- **WHAT YOU ARE ASKED TO DO**
Transcribe the listing exactly, leaving out every picture.

-- DATASET RECORDS follows --

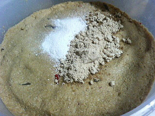 粉状にして入れておいたら、ぬか炊きにしても殻がジャリジャリいわないでしょ♪
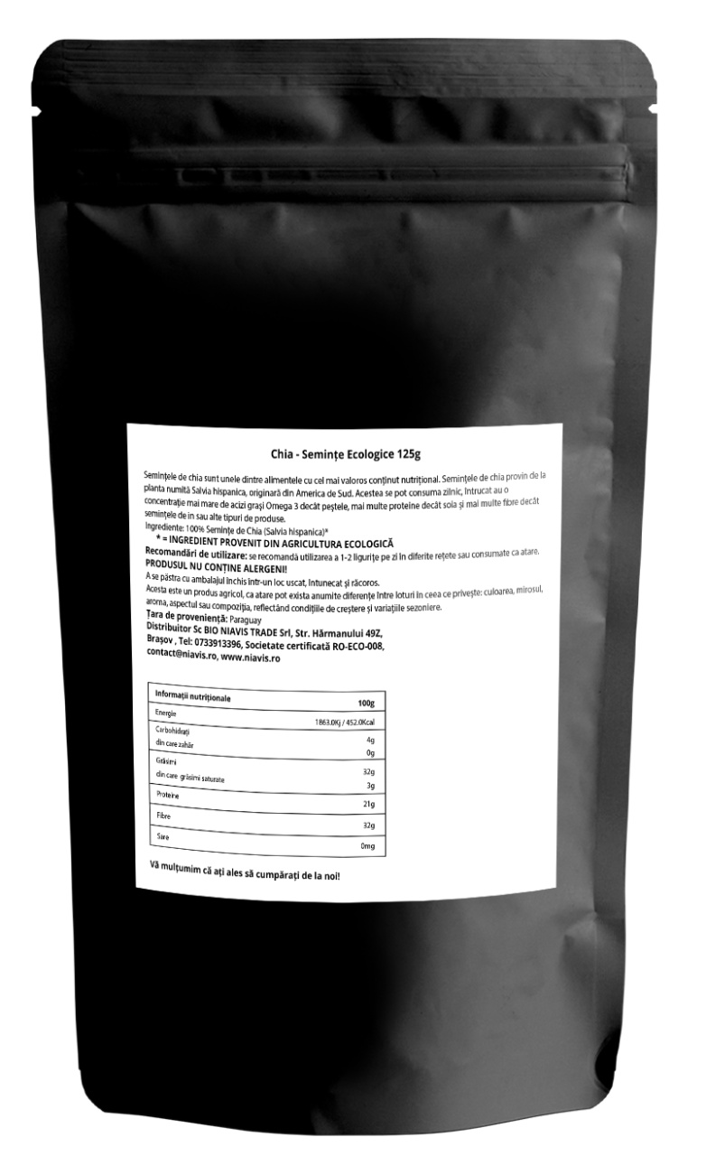 INFORMATII NUTRITIONALE / 100gEnergie ……………452.0kcal/1863.0kjCarbohidrati……… 4g      din care zahar………0gGrasimi………………………….. 32g      din care grasimi saturate ……….3gProteine ………….21gFibre ………………..32gSare ………………….0gINGREDIENTE: 100% seminte de Chia*     * = INGREDIENT PROVENIT DIN AGRICULTURA ECOLOGICAPRODUSUL NU CONTINE ALERGENI!Recomandari de utilizare: se folosesc la prepararea de budinci pe baza de lapte simplu sau vegetal, precum cel de cocos sau orice alte nuci sau seminte alaturi de fructele preferate. Se mai pot aduca la cerealele de la micul dejun, in checuri, clatite, briose. Impreuna cu uleiuri de masline si ceapa rosie tocata marunt se prepara asa numitele icre vegane care aduc la gust perfect cu icrele din peste. Si nu in ultimul rand se pot adauga la bilute energizante, batoane proteice sau in smoothie-ul preferat.Acesta este un produs agricol, ca atare pot exista anumite diferente intre loturi in ceea ce priveste: culoarea, mirosul, aroma, aspectul sau compozitia, reflectand conditiile de crestere si variatiile sezoniere.Tara de provenienta:IndiaGramaj: 125g
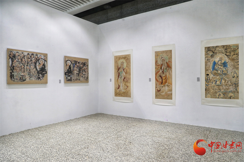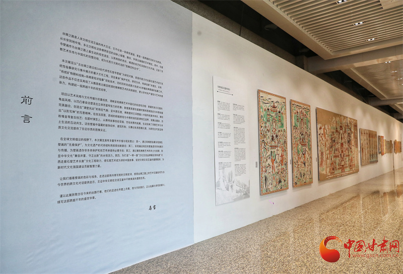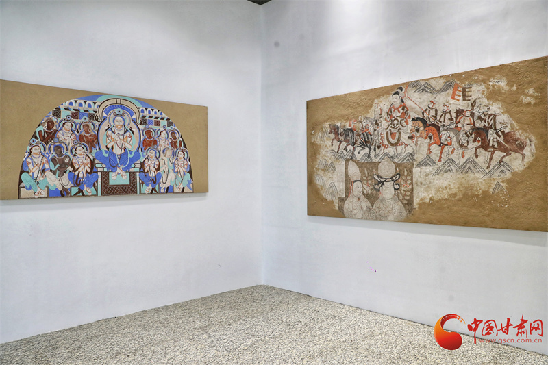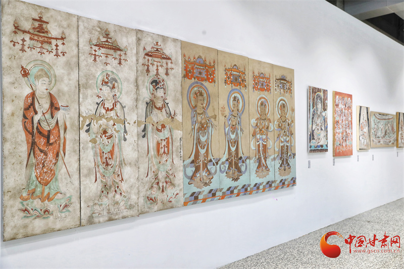 第八屆敦煌文博會“絲路華彩·盛世華章——敦煌及絲路沿線地區(qū)石窟寺壁畫藝術(shù)傳播與展示”專展,西北師范大學(xué)敦煌學(xué)院馬寶團(tuán)隊帶來了絲路沿線34個石窟寺壁畫臨摹作品,以及流失海外的壁畫精品臨摹作品,系統(tǒng)梳理了以河西走廊石窟群為代表的絲綢之路沿線石窟壁畫藝術(shù),讓全世界的觀眾可以更直接參觀熠熠生輝的絲綢之路經(jīng)典壁畫。
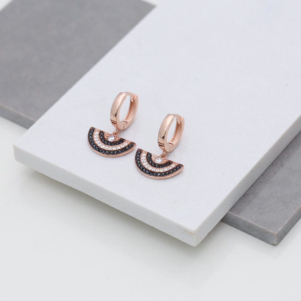 ต่างหูหินสีดำและสีขาวรูปดวงอาทิตย์ครึ่งหนึ่งต่างหูห้อยทำด้วยมือแบบตุรกีขายส่งเครื่องประดับเงินสเตอร์ลิง925
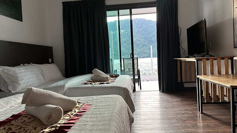 Das The Barat Perhentian Beach Resort auf Pulau Perhentian Besar bietet seinen Gästen einen unvergesslichen Strandurlaub. Das Hotel liegt direkt am Strand und bietet eine entspannte Atmosphäre sowie eine Vielzahl von Annehmlichkeiten. Genießen Sie den schönen Ausblick von der Terrasse, nutzen Sie das kostenlose WLAN und lassen Sie sich bei der Tourenplanung unterstützen. Das Restaurant The Barat verwöhnt Sie mit köstlicher Küche und in der Snackbar können Sie Ihren Durst stillen. Das Resort verfügt zudem über einen Pool und bietet einen Flughafentransfer gegen Gebühr an. Die 71 klimatisierten Zimmer sind gemütlich eingerichtet und werden täglich gereinigt.
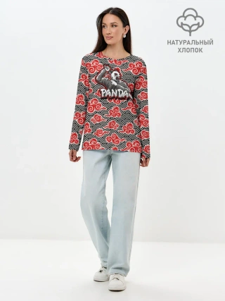 Лонгслив женский. Хлопок / Панда-ниндзя
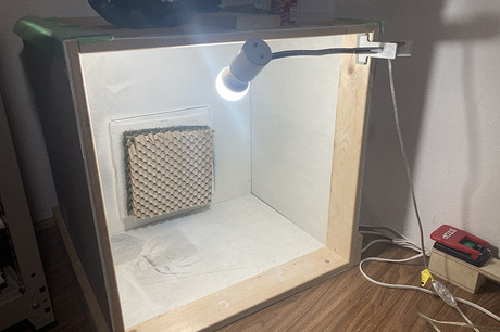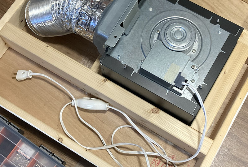Panasonicの天埋換気扇 FY-24BM6Kと1x4材を組み合わせた簡易塗装ブースを作りました。600mm四方のものまでこれでいけます。それ以上のサイズのものはダンボールなどで拡張した上で工作室を養生シートで処理することで対応します。
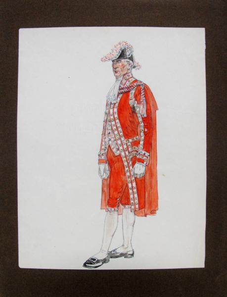 - NOTIZIE STORICO CRITICHE Il foglio è incollato su un supporto cartaceo marrone. \nSul retro è riportato il numero di Registro di carico del Museo di Milano: 745\nI disegni sono accompagnati da documentazione dattiloscritta del Podestà di Milano, anno 1933 o 1935 (la data 1933 è sostituita con nota manoscritta con il 1935), numero di Protocollo Generale 147/626.\nIl documento informa che il Comune di Milano ha disposto la rappresentazione grafica di 18 figurini con uniformi della tradizione milanese.
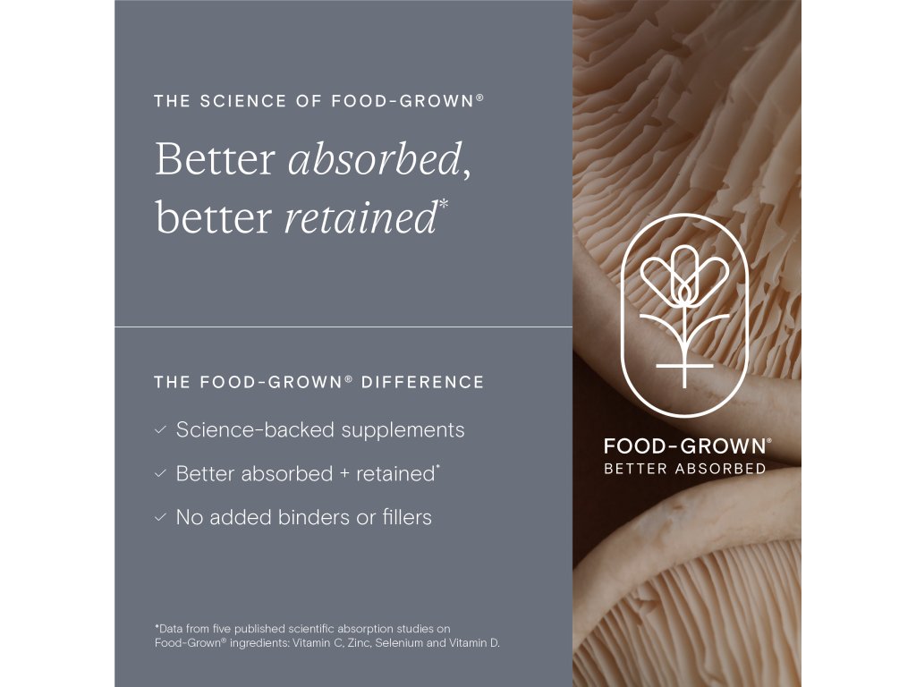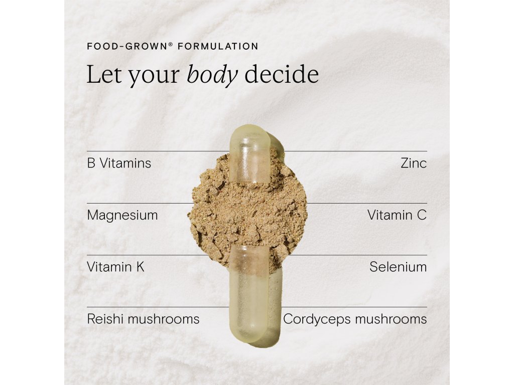 Složení: Vitamín C a bioflavonoidy obsažené v citrusové dužině, beta-karoten obsažený v mrkvovém koncentrátu, vitamíny a minerály obohacené kvasnice; thiamin, riboflavin, vitamin B6, vitamin B12, biotin, inositol, vitamin D3, niacin, kyselinu pantotenovou, chrom GTF, pro-naturální koenzym Q10, L-methionin, železo, mangan, selen, molybden, jód, kyselina listová (jako přirozeně se vyskytující folát) a vitamin K, žlutý hrách (Pisum Sativum) poskytující vitamin E, Lactobacillus bulgaricus se zvýšeným obsahem vitaminů a minerálů; hořčík, měď, zinek, kyselinu pantotenovou a vápník, kyselina alfa-lipoová, prášek z Cordycepsu sinensis, prášek z houby Reishi, prášek z tepelně upravené hnědé rýže, rostlinná celulóza (obal kapsle).
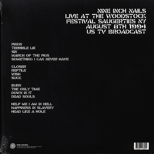 Artista(s) / Grupo: Nine Inch Nails | Cantidad de Discos: 2 LP | Lanzamiento: 2019 | Género(s): Rock | Estilo(s): Industrial | TÃtulo: Mudstock (Live At The Woodstock Festival Saugerties New York 8/13/94 | Norma / Región: NTSC (Región 1, 4) | Artista(s) / Grupo: Nine Inch Nails | Cantidad de Discos: 2 LP | Lanzamiento: 2019 | Género(s): Rock | Estilo(s): Industrial | TÃtulo: Mudstock (Live At The Woodstock Festival Saugerties New York 8/13/94 | Norma / Región: NTSC (Región 1, 4)
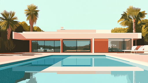 WonderMuralOppdag vår tapet som representerer et moderne hus med et sjarmerende svømmebasseng. Den stiliserte designen viser frem moderne arkitektur, omgitt a...
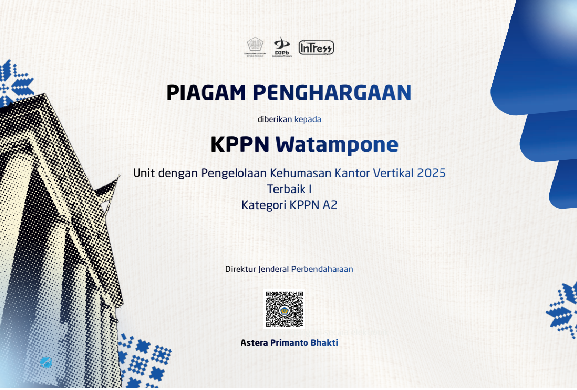 - Piagam Penghargaan KPPN Watampone Sebagai Juara III Pengelola Kehumasan DJPb Terbaik (Media Sosial) Tingkat KPPN 2022

-- DATASET RECORDS concluded --

- **TASK SOLUTION**
 粉状にして入れておいたら、ぬか炊きにしても殻がジャリジャリいわないでしょ♪
 INFORMATII NUTRITIONALE / 100gEnergie ……………452.0kcal/1863.0kjCarbohidrati……… 4g      din care zahar………0gGrasimi………………………….. 32g      din care grasimi saturate ……….3gProteine ………….21gFibre ………………..32gSare ………………….0gINGREDIENTE: 100% seminte de Chia*     * = INGREDIENT PROVENIT DIN AGRICULTURA ECOLOGICAPRODUSUL NU CONTINE ALERGENI!Recomandari de utilizare: se folosesc la prepararea de budinci pe baza de lapte simplu sau vegetal, precum cel de cocos sau orice alte nuci sau seminte alaturi de fructele preferate. Se mai pot aduca la cerealele de la micul dejun, in checuri, clatite, briose. Impreuna cu uleiuri de masline si ceapa rosie tocata marunt se prepara asa numitele icre vegane care aduc la gust perfect cu icrele din peste. Si nu in ultimul rand se pot adauga la bilute energizante, batoane proteice sau in smoothie-ul preferat.Acesta este un produs agricol, ca atare pot exista anumite diferente intre loturi in ceea ce priveste: culoarea, mirosul, aroma, aspectul sau compozitia, reflectand conditiile de crestere si variatiile sezoniere.Tara de provenienta:IndiaGramaj: 125g
 第八屆敦煌文博會“絲路華彩·盛世華章——敦煌及絲路沿線地區(qū)石窟寺壁畫藝術(shù)傳播與展示”專展,西北師范大學(xué)敦煌學(xué)院馬寶團(tuán)隊帶來了絲路沿線34個石窟寺壁畫臨摹作品,以及流失海外的壁畫精品臨摹作品,系統(tǒng)梳理了以河西走廊石窟群為代表的絲綢之路沿線石窟壁畫藝術(shù),讓全世界的觀眾可以更直接參觀熠熠生輝的絲綢之路經(jīng)典壁畫。
 ต่างหูหินสีดำและสีขาวรูปดวงอาทิตย์ครึ่งหนึ่งต่างหูห้อยทำด้วยมือแบบตุรกีขายส่งเครื่องประดับเงินสเตอร์ลิง925
 Das The Barat Perhentian Beach Resort auf Pulau Perhentian Besar bietet seinen Gästen einen unvergesslichen Strandurlaub. Das Hotel liegt direkt am Strand und bietet eine entspannte Atmosphäre sowie eine Vielzahl von Annehmlichkeiten. Genießen Sie den schönen Ausblick von der Terrasse, nutzen Sie das kostenlose WLAN und lassen Sie sich bei der Tourenplanung unterstützen. Das Restaurant The Barat verwöhnt Sie mit köstlicher Küche und in der Snackbar können Sie Ihren Durst stillen. Das Resort verfügt zudem über einen Pool und bietet einen Flughafentransfer gegen Gebühr an. Die 71 klimatisierten Zimmer sind gemütlich eingerichtet und werden täglich gereinigt.
 Лонгслив женский. Хлопок / Панда-ниндзя
Panasonicの天埋換気扇 FY-24BM6Kと1x4材を組み合わせた簡易塗装ブースを作りました。600mm四方のものまでこれでいけます。それ以上のサイズのものはダンボールなどで拡張した上で工作室を養生シートで処理することで対応します。
 - NOTIZIE STORICO CRITICHE Il foglio è incollato su un supporto cartaceo marrone. \nSul retro è riportato il numero di Registro di carico del Museo di Milano: 745\nI disegni sono accompagnati da documentazione dattiloscritta del Podestà di Milano, anno 1933 o 1935 (la data 1933 è sostituita con nota manoscritta con il 1935), numero di Protocollo Generale 147/626.\nIl documento informa che il Comune di Milano ha disposto la rappresentazione grafica di 18 figurini con uniformi della tradizione milanese.
 Složení: Vitamín C a bioflavonoidy obsažené v citrusové dužině, beta-karoten obsažený v mrkvovém koncentrátu, vitamíny a minerály obohacené kvasnice; thiamin, riboflavin, vitamin B6, vitamin B12, biotin, inositol, vitamin D3, niacin, kyselinu pantotenovou, chrom GTF, pro-naturální koenzym Q10, L-methionin, železo, mangan, selen, molybden, jód, kyselina listová (jako přirozeně se vyskytující folát) a vitamin K, žlutý hrách (Pisum Sativum) poskytující vitamin E, Lactobacillus bulgaricus se zvýšeným obsahem vitaminů a minerálů; hořčík, měď, zinek, kyselinu pantotenovou a vápník, kyselina alfa-lipoová, prášek z Cordycepsu sinensis, prášek z houby Reishi, prášek z tepelně upravené hnědé rýže, rostlinná celulóza (obal kapsle).
 Artista(s) / Grupo: Nine Inch Nails | Cantidad de Discos: 2 LP | Lanzamiento: 2019 | Género(s): Rock | Estilo(s): Industrial | TÃtulo: Mudstock (Live At The Woodstock Festival Saugerties New York 8/13/94 | Norma / Región: NTSC (Región 1, 4) | Artista(s) / Grupo: Nine Inch Nails | Cantidad de Discos: 2 LP | Lanzamiento: 2019 | Género(s): Rock | Estilo(s): Industrial | TÃtulo: Mudstock (Live At The Woodstock Festival Saugerties New York 8/13/94 | Norma / Región: NTSC (Región 1, 4)
 WonderMuralOppdag vår tapet som representerer et moderne hus med et sjarmerende svømmebasseng. Den stiliserte designen viser frem moderne arkitektur, omgitt a...
 - Piagam Penghargaan KPPN Watampone Sebagai Juara III Pengelola Kehumasan DJPb Terbaik (Media Sosial) Tingkat KPPN 2022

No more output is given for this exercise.